More generally, I would like to have a function that takes a formula and returns that formula with all terms that match "^x$" replaced by "x_part1" and "x_part2". Here's my current solution, but it just feels so kludgey...

my.formula <- fruit ~ apple + banana
var.to.replace <- 'apple'
my.terms <- labels(terms(my.formula))
new.terms <- paste0('(', 
                    paste0(var.to.replace, 
                           c('_part1', '_part2'),
                           collapse = '+'),
                    ')')
new.formula <- reformulate(termlabels = gsub(pattern = var.to.replace,
                                             replacement = new.terms,
                                             x = my.terms),                                 
                           response = my.formula[[2]])

An additional caveat is that the input formula may be specified with interactions.

y ~ b*x + z

should output one of these (equivalent) formulae

y ~ b*(x_part1 + x_part2) + z
y ~ b + (x_part1 + x_part2) + b:(x_part1 + x_part2) + z
y ~ b + x_part1 + x_part2 + b:x_part1 + b:x_part2 + z

MrFlick has advocated the use of

substitute(y ~ b*x + z, list(x=quote(x_part1 + x_part2)))

but when I have stored the formula I want to modify in a variable, as in

my.formula <- fruit ~ x + banana

This approach seems to require a little more massaging:

substitute(my.formula, list(x=quote(apple_part1 + apple_part2)))
# my.formula

The necessary change to that approach was:

do.call(what = 'substitute',
        args = list(apple, list(x=quote(x_part1 + x_part2))))

But I can't figure out how to use this approach when both 'x' and c('x_part', 'x_part2') are stored in variables with names, eg var.to.replace and new.terms above.

Answer 1

You can use the substitute function for this

substitute(y ~ b*x + z, list(x=quote(x_part1 + x_part2)))
# y ~ b * (x_part1 + x_part2) + z

Here we use the named list to tell R to replace the variable x with the expression x_part1 + x_part2

Answer 2

You can write a recursive function to modify the expression tree of the formula:

replace_term <- function(f, old, new){
  n <- length(f)
  if(n > 1) {
    for(i in 1:n) f[[i]] <- Recall(f[[i]], old, new)

    return(f)
  }

  if(f == old) new else f
}

Which you can use to modify eg interactions:

> replace_term(y~x*a+z - x, quote(x), quote(x1 + x2))
y ~ (x1 + x2) * a + z - (x1 + x2)

Answer 3

How about working with the formula as a string?
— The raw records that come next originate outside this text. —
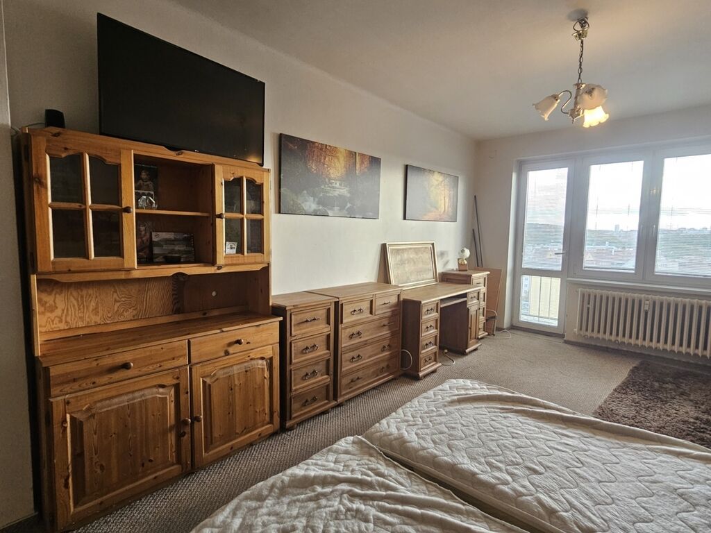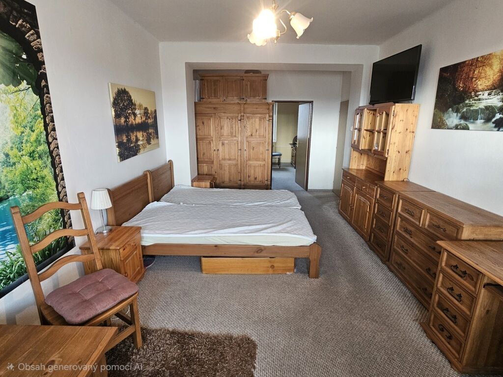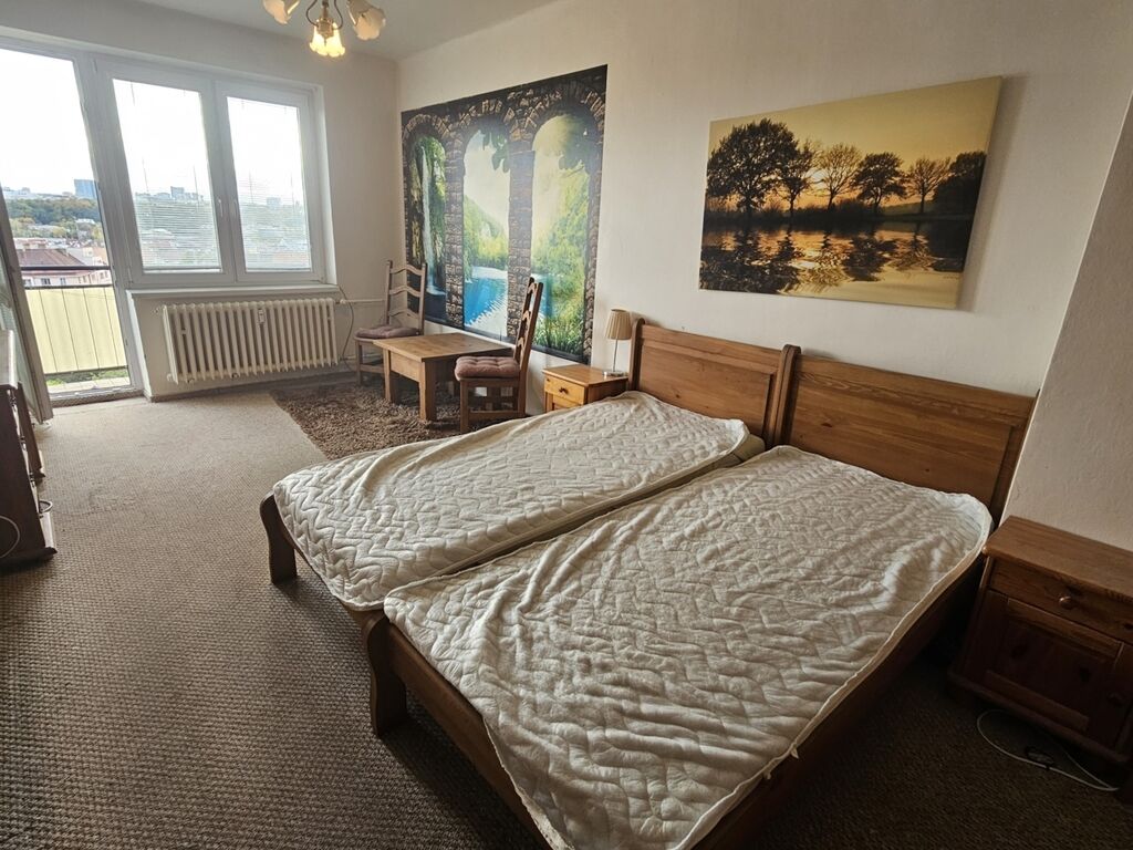 Byt sestává ze vstupní chodby, 2 samostatných pokojů (22 m2 a 14 m2), které mohou být vzájemně navíc průchozí, kuchyně, koupelny, WC a balkónu. Byt se nabízí kompletně zařízený kvalitním holandským nábytkem z masivu viz foto. Kuchyně je vybavena plynovým sporákem, lednici s mrazákem, nádobím a kuchyňské vybavením včetně el. odšťavňovače a rychlovarné konvice a vestavěnou pračkou. V koupelně je sprchový kout a umývadlo. Dále samostatné WC a vstupní chodba s vestavěnou šatní skříní a věšákovou stěnou se zrcadlem. Na podlaze je v obou pokojích koberec, v chodbě plovoucí podlaha, jinak dlažba. Okna jsou plastová se žaluziemi.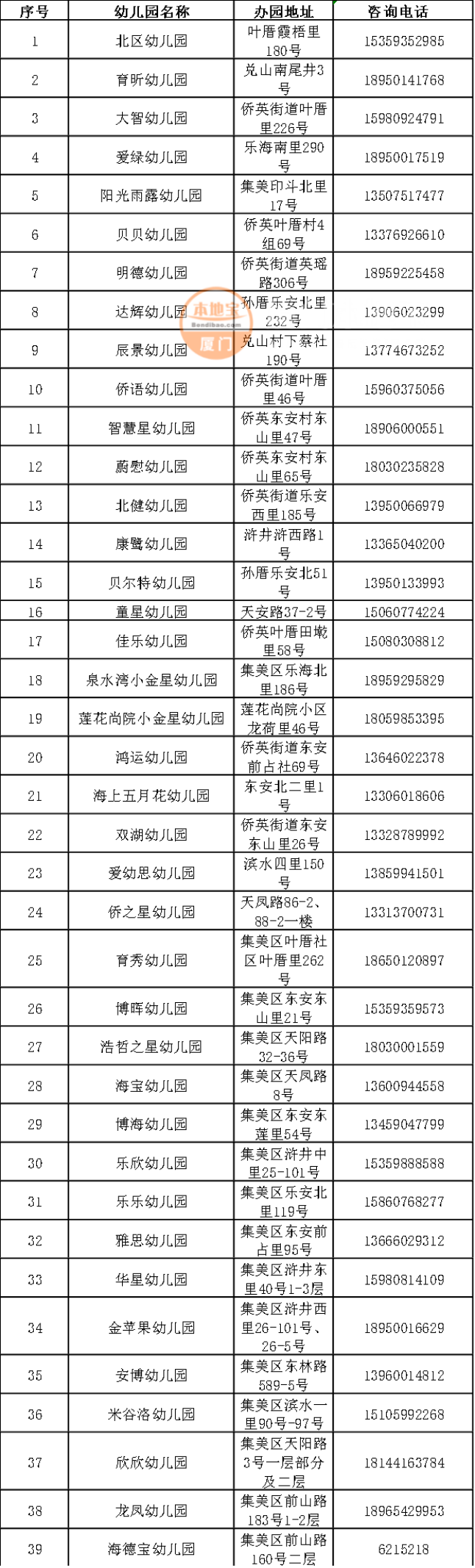 溫馨提示:微信搜索廈門(mén)便民網(wǎng)公眾號(hào),對(duì)話(huà)框回復(fù)【幼兒園】獲取廈門(mén)幼兒園網(wǎng)上報(bào)名入口+時(shí)間、劃片查詢(xún)?nèi)肟?、各區(qū)招生政策、收費(fèi)標(biāo)準(zhǔn)、幼兒園名單等!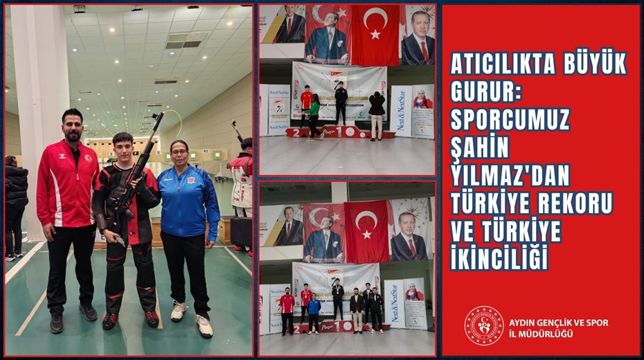 10-15 Mart 2026 tarihleri arasında Mersin’de düzenlenen Havalı Silahlar Coşkun Abış Kupası’nda, Aydın Gençlik ve Spor İl Müdürlüğü Spor Kulübü sporcumuz Şahin Yılmaz, U-18 Havalı Tüfek Erkekler kategorisinde Türkiye rekoru kırarak tarihi bir başarıya imza attı.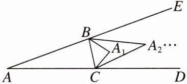 12. 如图,在△ABC中,∠A = 20°,∠EBC,∠DCB为△ABC的外角,∠EBC与∠DCB的平分线交于点A_{1},∠EBA_{1}与∠DCA_{1}的平分线交于点A_{2},…,∠EBA_{n - 1}与∠DCA_{n - 1}的平分线相交于点A_{n},当两条角平分线无交点时,则n的值为________.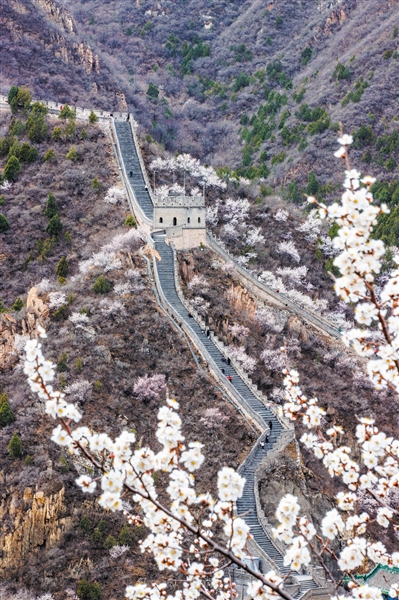 3月24日,居庸關長城與山花爛漫同框。新京報記者 王子誠 攝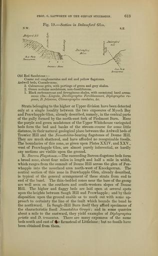 | Keywords: The Quarterly journal of the Geological Society of London (13860052655).jpg PROF C LAP WORTH ON THE OTRVAN SUCCESSION <br> 613 <br> i\ W <br> Fig 19 ” Section in Ddlamford Glen <br> Mi <br> 0l o ffeo <br> Sandstone <br> A row£ i i £eds <br> Old Eed Sandstone ” <br> Coarse red conglomerates and red and yellow flagstones <br> Ardwell beds Cascade-zone <br> 3 Calcareous grits with partings of green and grey shales <br> 2 Green nodular sandstones non-fossiliferous <br> 1 Black carbonaceous and ferruginous shales with occasional hard arena- <br> ceous ribs ” Lingula Dicellograptus Forchhammeri Dijilograptus ru- <br> gosus D foliaceus Climacograptus caudatus c <br> Strata belonging to the higher or Upper division have been detected <br> only at a single locality between the two exposures of Myoch Bay <br> and Penwhapple Glen already described namely in the central parts <br> of the gully formed by the north-east fork of Piedmont Burn Here <br> the purple and green mudstones of the Upper Whitehouse variegated <br> beds form the bed and banks of the stream-course for some little <br> distance in their natural geological place between the Ardwell beds of <br> Trowier Hill and the JS'ematolites-heaTmg flagstones of Doune Hill <br> They are much shattered and have afforded no recognizable fossils <br> The boundaries of this zone as given upon Plates XXIV andXXY <br> west of Penwhapple Glen are almost purely inferential as hardly <br> any sections are visible upon the ground <br> B Barren Flagstones ” The succeeding Barren-flagstone beds form <br> a broad zone about four miles in length and half a mile in width <br> which ranges from the summit of Doune Hill across the glen of Pen- <br> whapple into the moorland area north-west of Knockgerran The <br> central section of this zone in Penwhapple Glen already described <br> is typical of the general arrangement of these strata from end to <br> end of the band The thin-bedded zones near the base of the group <br> are well seen on the southern and south-western slopes of Doune <br> Hill The higher and flaggy beds are laid open at several spots <br> upon the heights between Saugh Hill and Penwhapple ; and by their <br> disposition upon the ground enable us to mark out with some ap- <br> proach to certainty the line of the fault which bounds the band to <br> the northward In Saugh-Hill Burn itself they afford specimens of <br> the characteristic fossil Nematolites Grayii; and in some quarries <br> about a mile to the eastward they yield examples of Diplograptus <br> pristis and D truncatus There are many exposures of the same <br> beds south and east of e farmstead of Littlelane ; but no fossils have <br> been obtained from them 36936442 113692 51125 Page 613 Text 38 http //www biodiversitylibrary org/page/36936442 1882 Geological Society of London NameFound Climacograptus caudatus NameConfirmed Climacograptus caudatus NameBankID 6599587 NameFound Dicellograptus NameConfirmed Dicellograptus NameBankID 4139750 NameFound Dicellograptus foliaceus NameConfirmed Dicellograptus foliaceus NameFound Diplograptus pristis NameConfirmed Diplograptus pristis NameFound Diplograptus truncatus NameConfirmed Diplograptus truncatus NameFound Lingula NameConfirmed Lingula EOLID 11118945 NameBankID 2765654 NameFound Nematolites NameConfirmed Nematolites NameBankID 4928149 Biodiversity Heritage Library The Quarterly journal of the Geological Society of London v 38 1882 Geology Periodicals Smithsonian Libraries bhl page 36936442 dc identifier http //biodiversitylibrary org/page/36936442 smithsonian libraries Information field Flickr posted date ISOdate 2014-04-15 Check categories 2015 August 26 CC-BY-2 0 BioDivLibrary https //flickr com/photos/61021753 N02/13860052655 2015-08-26 07 56 35 cc-by-2 0 PD-old-70-1923 The Quarterly journal of the Geological Society of London 1882 Photos uploaded from Flickr by Fæ using a script |

Many base R models like lm() accept a string formulas (and you can always use formula() otherwise). In this case, you can use something like gsub() :

f1 <- "y ~ x + z"
f2 <- "y ~ b*x + z"

gsub("x", "(x_part1 + x_part2)", f1)
#> [1] "y ~ (x_part1 + x_part2) + z"

gsub("x", "(x_part1 + x_part2)", f2)
#> [1] "y ~ b*(x_part1 + x_part2) + z"

For example, with mtcars data set, and say we want to replace mpg (x) with disp + hp (x_part1 + x_part2):

f1 <- "qsec ~ mpg + cyl"
f2 <- "qsec ~ wt*mpg + cyl"

f1 <- gsub("mpg", "(disp + hp)", f1)
f2 <- gsub("mpg", "(disp + hp)", f2)

lm(f1, data = mtcars)
#> 
#> Call:
#> lm(formula = f1, data = mtcars)
#> 
#> Coefficients:
#> (Intercept)         disp           hp          cyl  
#>    22.04376      0.01017     -0.02074     -0.56571

lm(f2, data = mtcars)
#> 
#> Call:
#> lm(formula = f2, data = mtcars)
#> 
#> Coefficients:
#> (Intercept)           wt         disp           hp          cyl  
#>   20.421318     1.554904     0.026837    -0.056141    -0.876182  
#>     wt:disp        wt:hp  
#>   -0.006895     0.011126

Answer 4

If you just want to modify main effects, you can subtract x, and add in the two new variables.

> f <- y ~ x + z
> update(f, .~.-x+x_part1 + x_part2)
y ~ z + x_part1 + x_part2

Answer 5

As requested by rcorty , storing 'x' and c('x_part', 'x_part2') in var.to.replace and new.terms , respectively, and adotping MrFlick 's suggestion to use setNames , we could perhaps do the following:

my.formula <- fruit ~ x + banana
var.to.replace <- "x"
new.terms <-  c('x_part', 'x_part2') 
new.terms1 <- paste(new.terms, collapse="+")
do.call("substitute", list(my.formula, setNames(list(str2lang(new.terms1)), var.to.replace))) 

> fruit ~ x_part + x_part2 + banana

As an aside, I have found Paul Johnson's Rchaeology (Section 2.1) relevant, educational, and entertaining.